- _Work item_:
Transcribe the lines exactly, beginning with the one that contains "Dane produktowe Quick" and ending with the final line of the records. Do not transcribe pictures.

Records for the task START

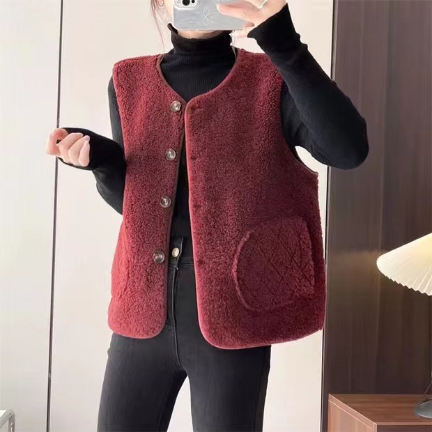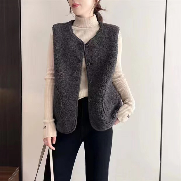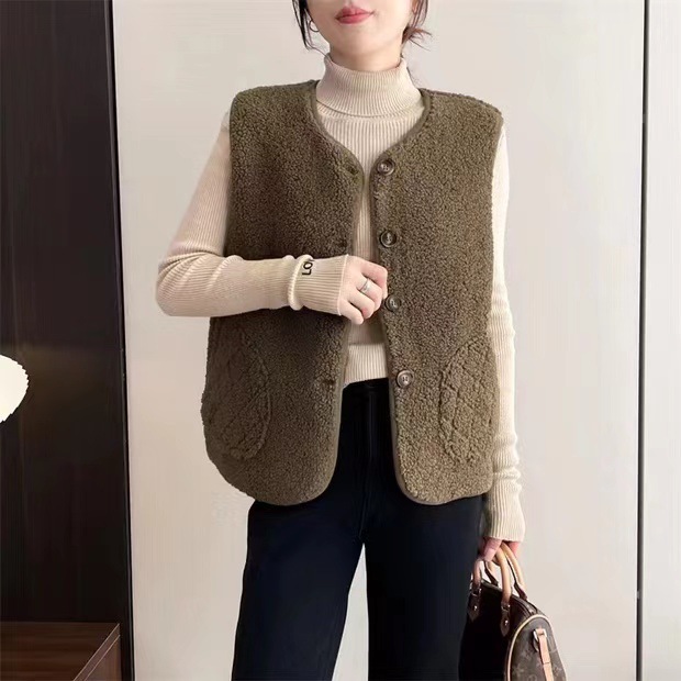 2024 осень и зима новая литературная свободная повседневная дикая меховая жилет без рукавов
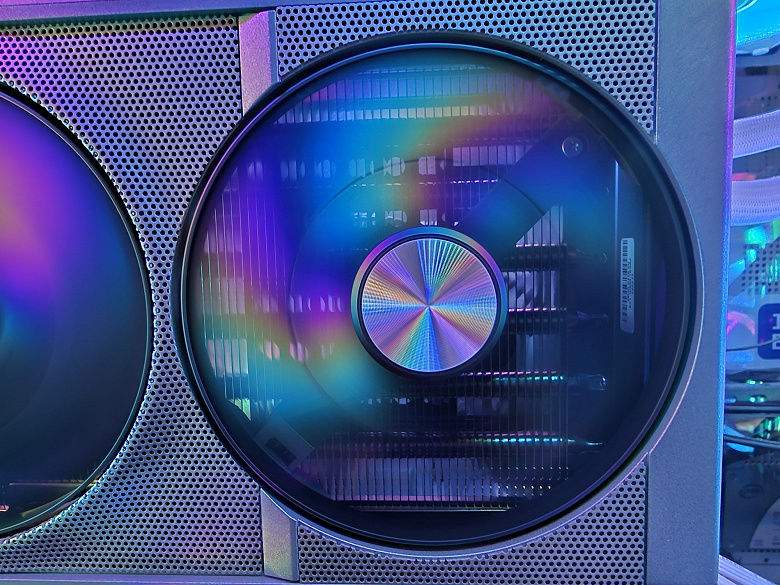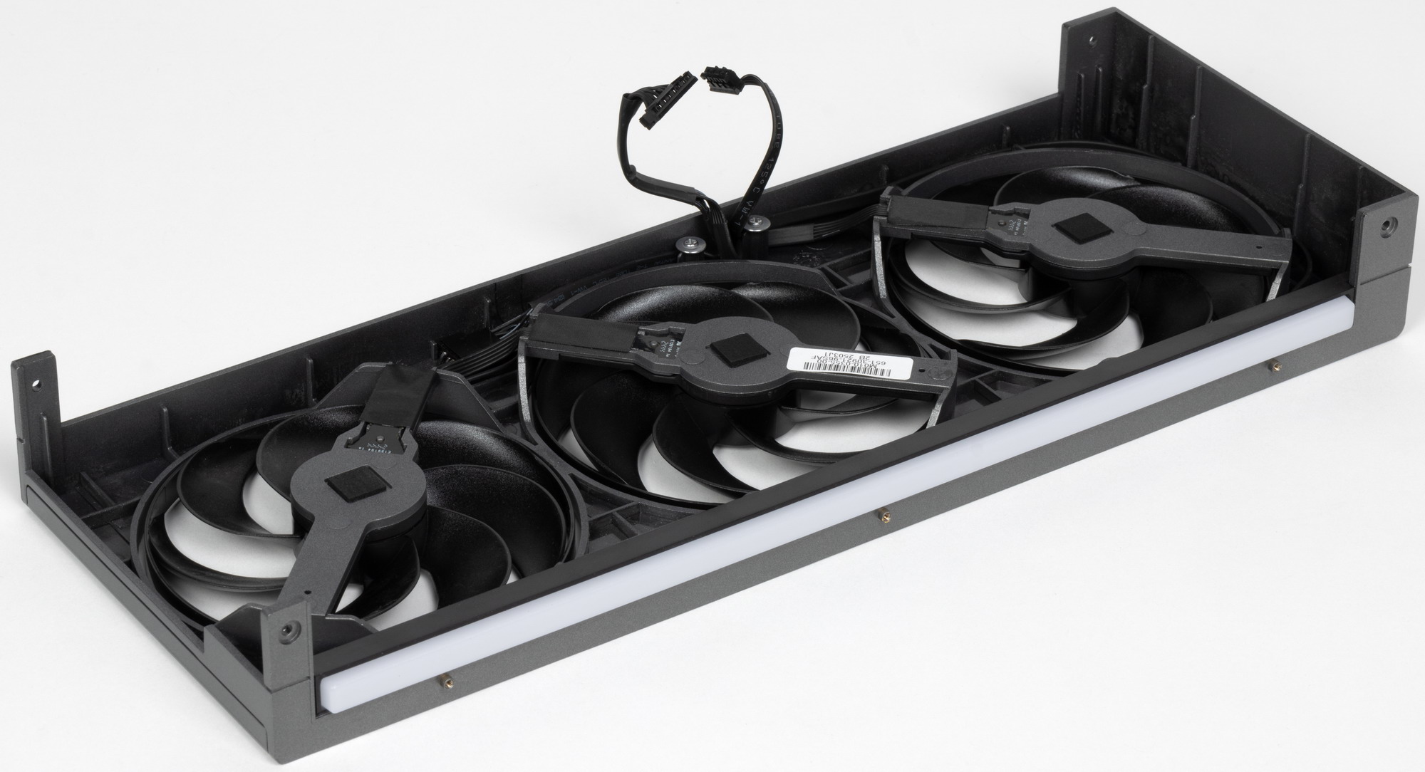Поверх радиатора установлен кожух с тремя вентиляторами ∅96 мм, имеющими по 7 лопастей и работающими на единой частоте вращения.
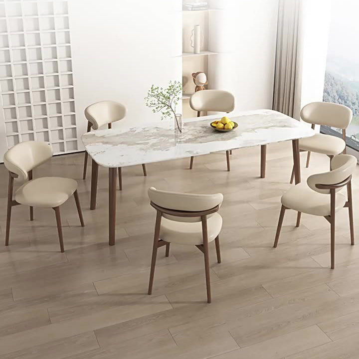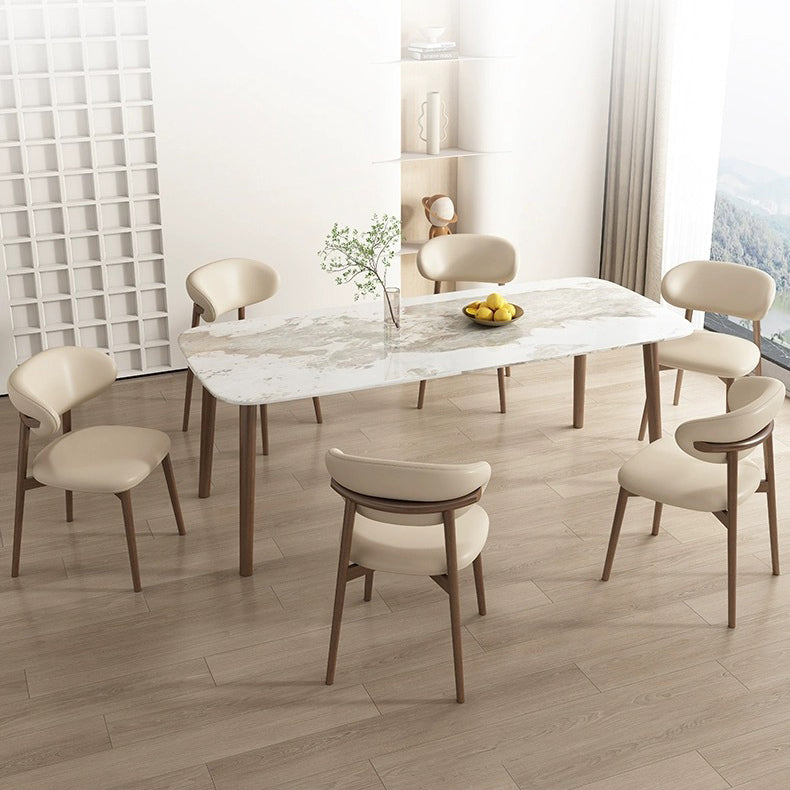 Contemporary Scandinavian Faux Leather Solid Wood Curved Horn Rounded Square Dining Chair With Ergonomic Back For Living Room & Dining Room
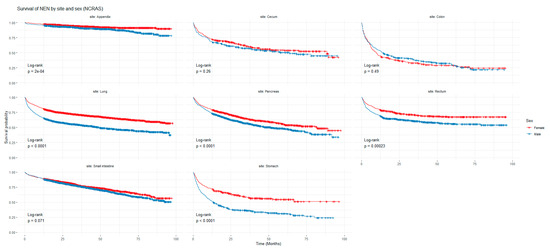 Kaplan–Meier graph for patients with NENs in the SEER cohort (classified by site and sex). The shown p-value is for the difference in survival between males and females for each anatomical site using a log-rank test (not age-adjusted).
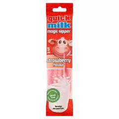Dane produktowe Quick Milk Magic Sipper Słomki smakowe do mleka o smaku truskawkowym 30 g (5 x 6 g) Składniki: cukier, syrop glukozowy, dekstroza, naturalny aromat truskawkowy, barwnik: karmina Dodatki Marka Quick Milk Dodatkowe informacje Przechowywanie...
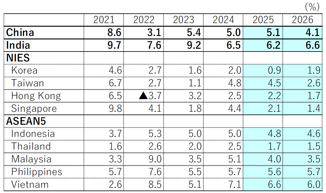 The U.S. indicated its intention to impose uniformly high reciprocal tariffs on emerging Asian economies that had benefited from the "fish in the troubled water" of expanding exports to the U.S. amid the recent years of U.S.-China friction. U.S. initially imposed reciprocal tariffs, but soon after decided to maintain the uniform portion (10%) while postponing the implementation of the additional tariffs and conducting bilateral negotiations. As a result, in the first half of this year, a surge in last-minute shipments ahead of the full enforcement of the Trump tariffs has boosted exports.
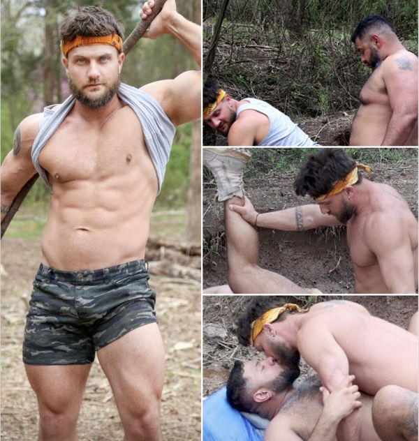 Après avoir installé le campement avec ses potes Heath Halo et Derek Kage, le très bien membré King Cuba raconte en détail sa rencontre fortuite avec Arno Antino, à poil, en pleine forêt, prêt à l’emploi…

Records for the task END

- _Solution for this task_:
Dane produktowe Quick Milk Magic Sipper Słomki smakowe do mleka o smaku truskawkowym 30 g (5 x 6 g) Składniki: cukier, syrop glukozowy, dekstroza, naturalny aromat truskawkowy, barwnik: karmina Dodatki Marka Quick Milk Dodatkowe informacje Przechowywanie...
 The U.S. indicated its intention to impose uniformly high reciprocal tariffs on emerging Asian economies that had benefited from the "fish in the troubled water" of expanding exports to the U.S. amid the recent years of U.S.-China friction. U.S. initially imposed reciprocal tariffs, but soon after decided to maintain the uniform portion (10%) while postponing the implementation of the additional tariffs and conducting bilateral negotiations. As a result, in the first half of this year, a surge in last-minute shipments ahead of the full enforcement of the Trump tariffs has boosted exports.
 Après avoir installé le campement avec ses potes Heath Halo et Derek Kage, le très bien membré King Cuba raconte en détail sa rencontre fortuite avec Arno Antino, à poil, en pleine forêt, prêt à l’emploi…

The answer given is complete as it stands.